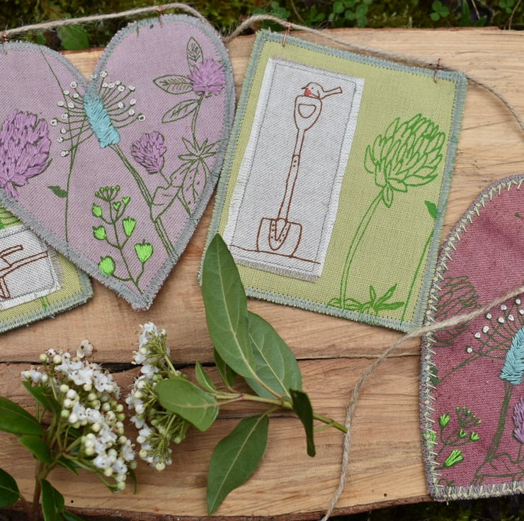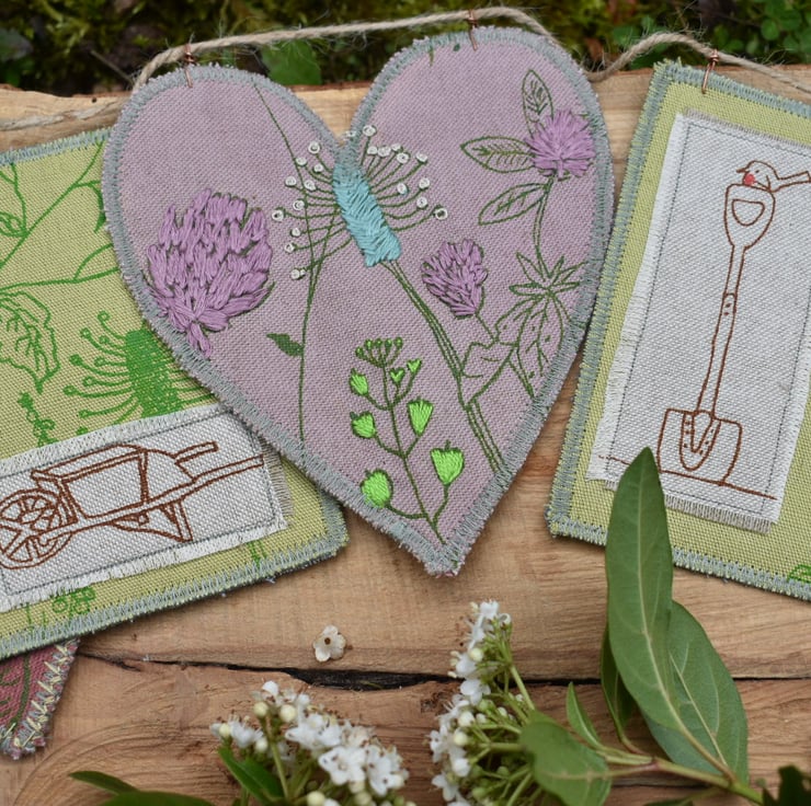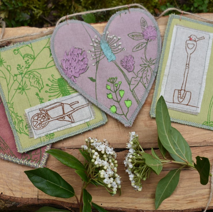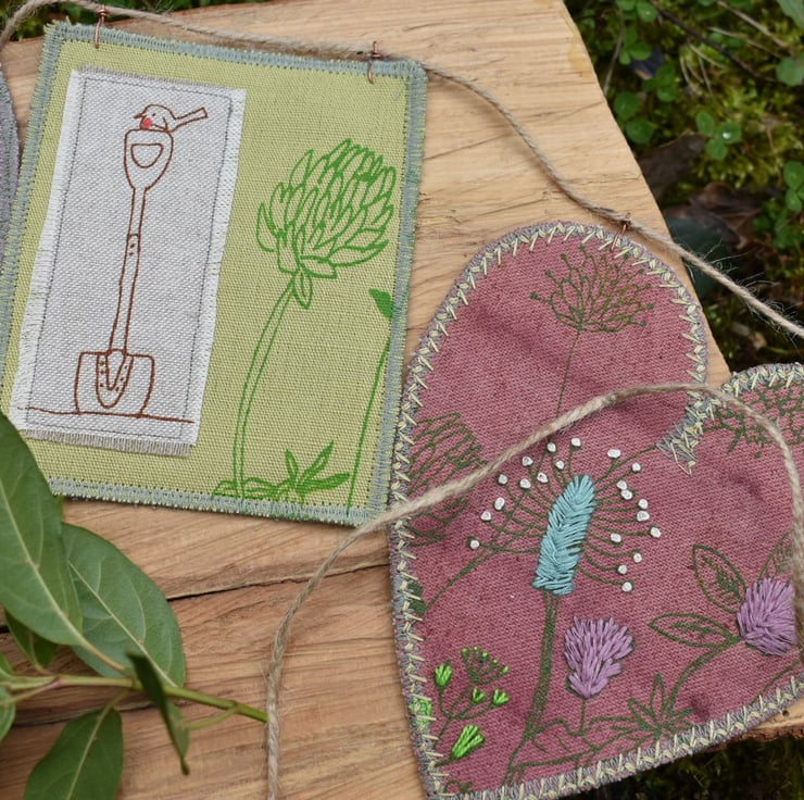 There are 5 panels that have my screen print designs. There are 2 green linen rectangles measuring 10cm by 13cm. They have green screen prints to with appliquéd wheelbarrow and Robin on spade. There are 3 hearts naturally dyed with elderberry and sloe. These measure approximately 13cm by 15cm at longest and widest points. They have wild flower screen prints with hand embroidery for a pop of colour and texture.
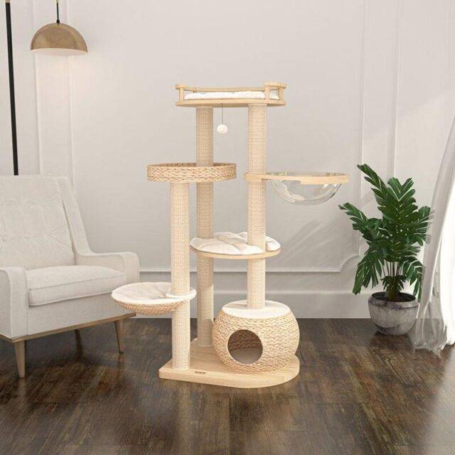 Introducing the perfect blend of luxury and adventure for your beloved pet – our Multi-Level Cat Scratcher Tree Tower. Designed with a deep understanding of your cat’s instinctual needs, this tower offers endless fun, comfort, and security. Crafted from the finest materials, it stands as a testament to durability and elegance in your home.
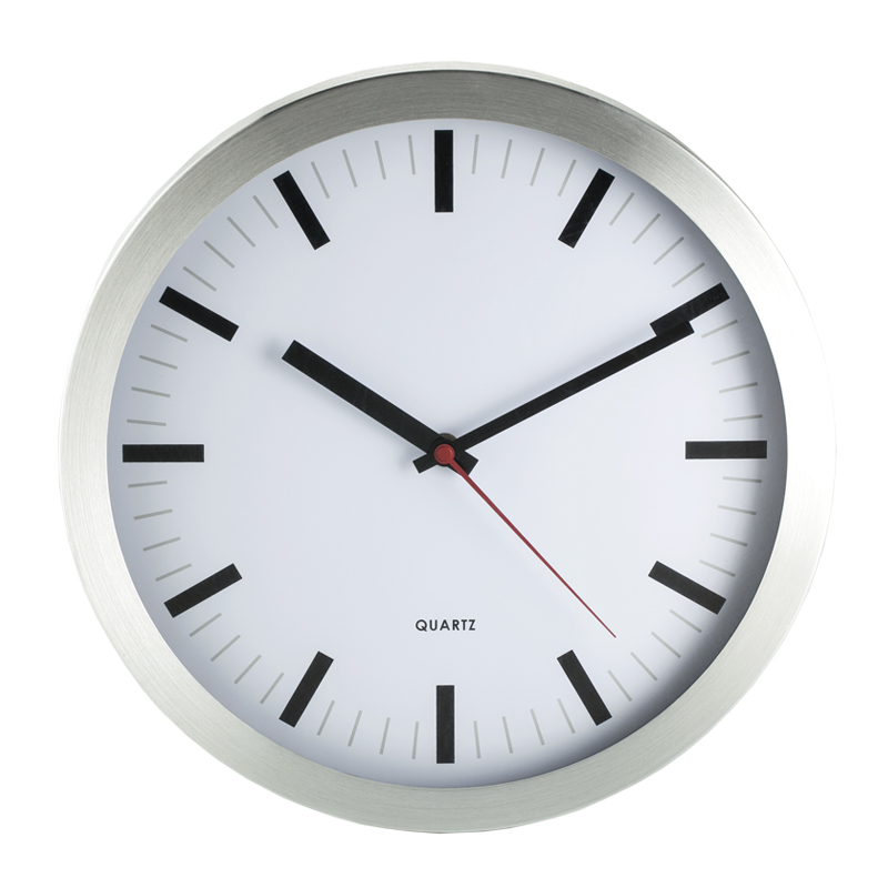 Reloj de pared en aluminio. 1 pila AA no incluida. Incluye mecanismo. Empaque caja Individual.

### WHAT TO DO
The answer must be the full listing above, copied exactly, with no pictures in it.

### RESPONSE TO THIS EXERCISE
 There are 5 panels that have my screen print designs. There are 2 green linen rectangles measuring 10cm by 13cm. They have green screen prints to with appliquéd wheelbarrow and Robin on spade. There are 3 hearts naturally dyed with elderberry and sloe. These measure approximately 13cm by 15cm at longest and widest points. They have wild flower screen prints with hand embroidery for a pop of colour and texture.
 Introducing the perfect blend of luxury and adventure for your beloved pet – our Multi-Level Cat Scratcher Tree Tower. Designed with a deep understanding of your cat’s instinctual needs, this tower offers endless fun, comfort, and security. Crafted from the finest materials, it stands as a testament to durability and elegance in your home.
 Reloj de pared en aluminio. 1 pila AA no incluida. Incluye mecanismo. Empaque caja Individual.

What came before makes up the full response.